Exercise instructions:
An exact transcription of the lines from the one holding "TOS BN102A TOOL & CUTTER GRINDER" to the end of the entries below, and nothing more, is the required answer. Please omit the pictures.

Extracted information:
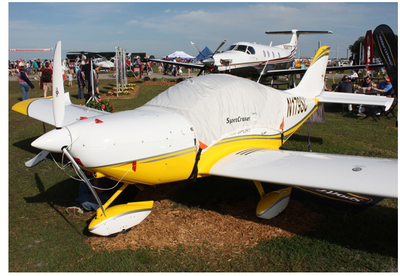
PiperSport Canopy Cover, Engine Plugs
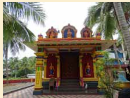
Ayyappa Temple, Udma
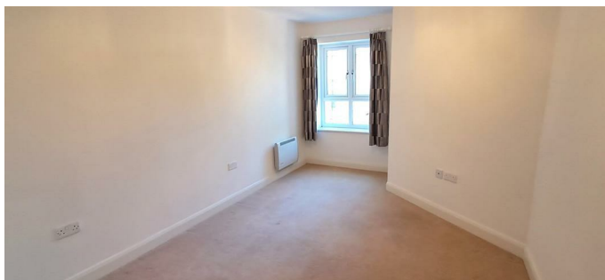
BEDROOM 2 MAX 14'10" x 9'8" (4.54m x 2.96m)

Second bedroom/ dining room/study with thermostatically controlled electric wall heater.
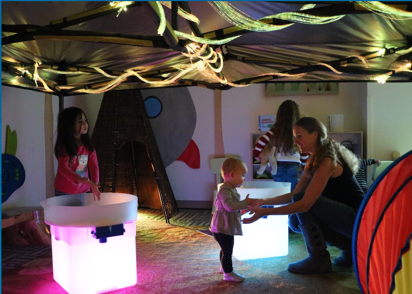
Rancho Cucamonga Public Library
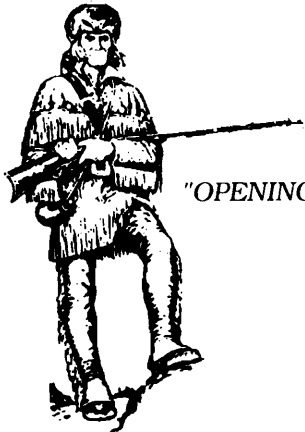
"OPENING THE WEST"
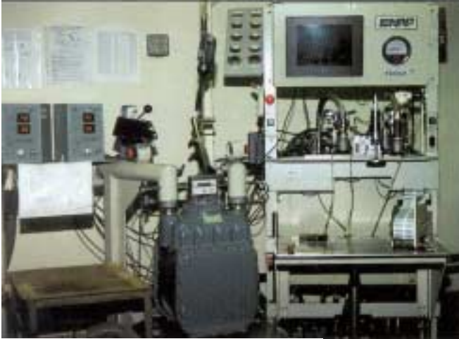
SNAP 800/1000 Prover

The North American Services Group RefurbishPLUS program is designed to meet the needs of utilities wishing to have a level of “below-the-table” work performed. As such, the RefurbishPLUS is designed to ensure that the serviced meter meets the demands of a badged maximum pressure test.
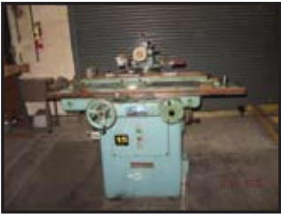
TOS BN102A TOOL & CUTTER GRINDER
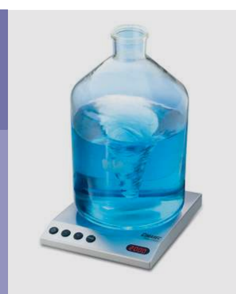
Cimarec Power Direct
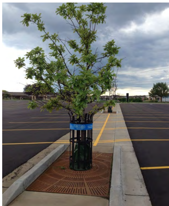
Tree trenches at Maplewood Mall
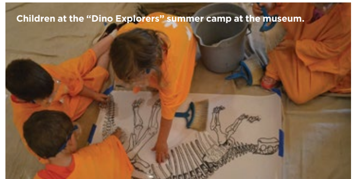
Children at the "Dino Explorers" summer camp at the museum.

Attendance to museum programs for PreK-12 students, both in the museums and outreach to schools, totaled 6,976 students, a modest increase of 0.57 percent. Most of these groups were public schools (71 percent), private (17 percent), and homeschool (4 percent), with summer daycare, afterschool, Scout groups, and other special groups attending primarily in the summer.
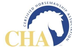
CERTIFIED HORSEMANSHIP ASSOCIATION
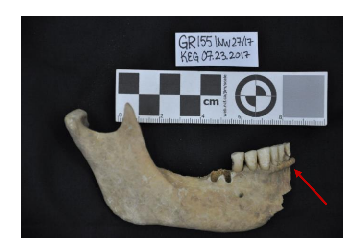
Figure 6: Periodontal disease in an adult female. Bezławki, Poland.
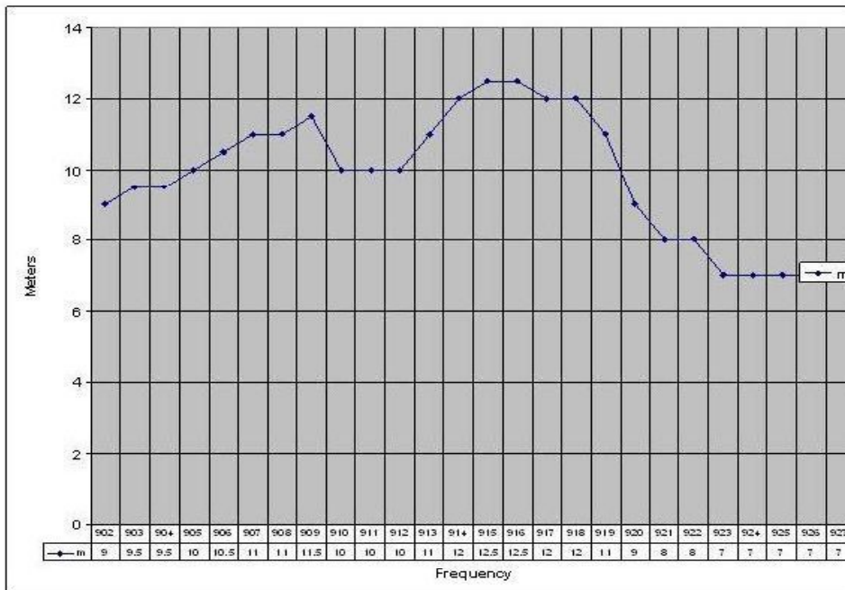
Typical read distance chart - Using a CSL101-2 handheld reader @ 90 deg from target seal
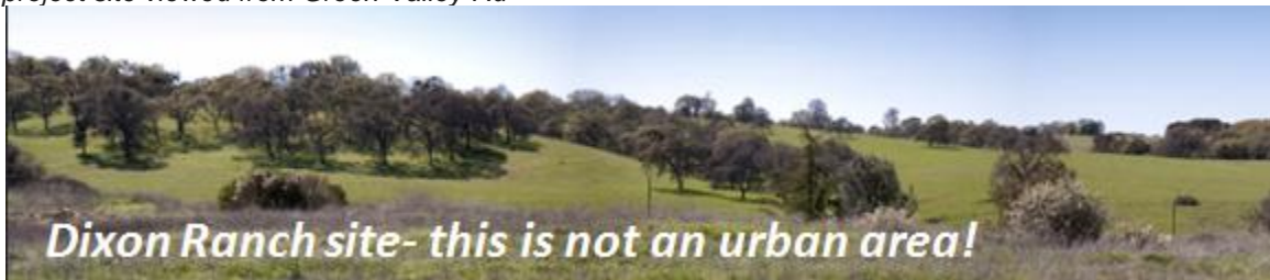
project site viewed from Green Valley Rd
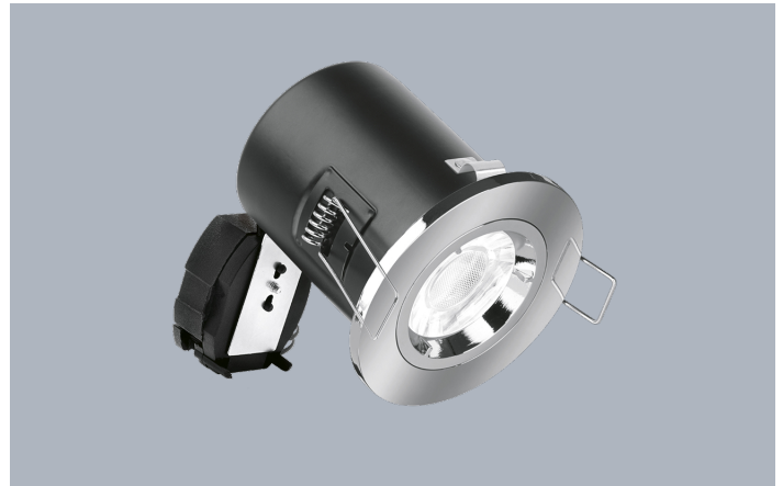
EFD™ GU10 Fixed Lock Ring Aluminium Fire Rated Downlight

Result for this task:
TOS BN102A TOOL & CUTTER GRINDER
Cimarec Power Direct
Tree trenches at Maplewood Mall
Children at the "Dino Explorers" summer camp at the museum.

Attendance to museum programs for PreK-12 students, both in the museums and outreach to schools, totaled 6,976 students, a modest increase of 0.57 percent. Most of these groups were public schools (71 percent), private (17 percent), and homeschool (4 percent), with summer daycare, afterschool, Scout groups, and other special groups attending primarily in the summer.
CERTIFIED HORSEMANSHIP ASSOCIATION
Figure 6: Periodontal disease in an adult female. Bezławki, Poland.
Typical read distance chart - Using a CSL101-2 handheld reader @ 90 deg from target seal
project site viewed from Green Valley Rd
EFD™ GU10 Fixed Lock Ring Aluminium Fire Rated Downlight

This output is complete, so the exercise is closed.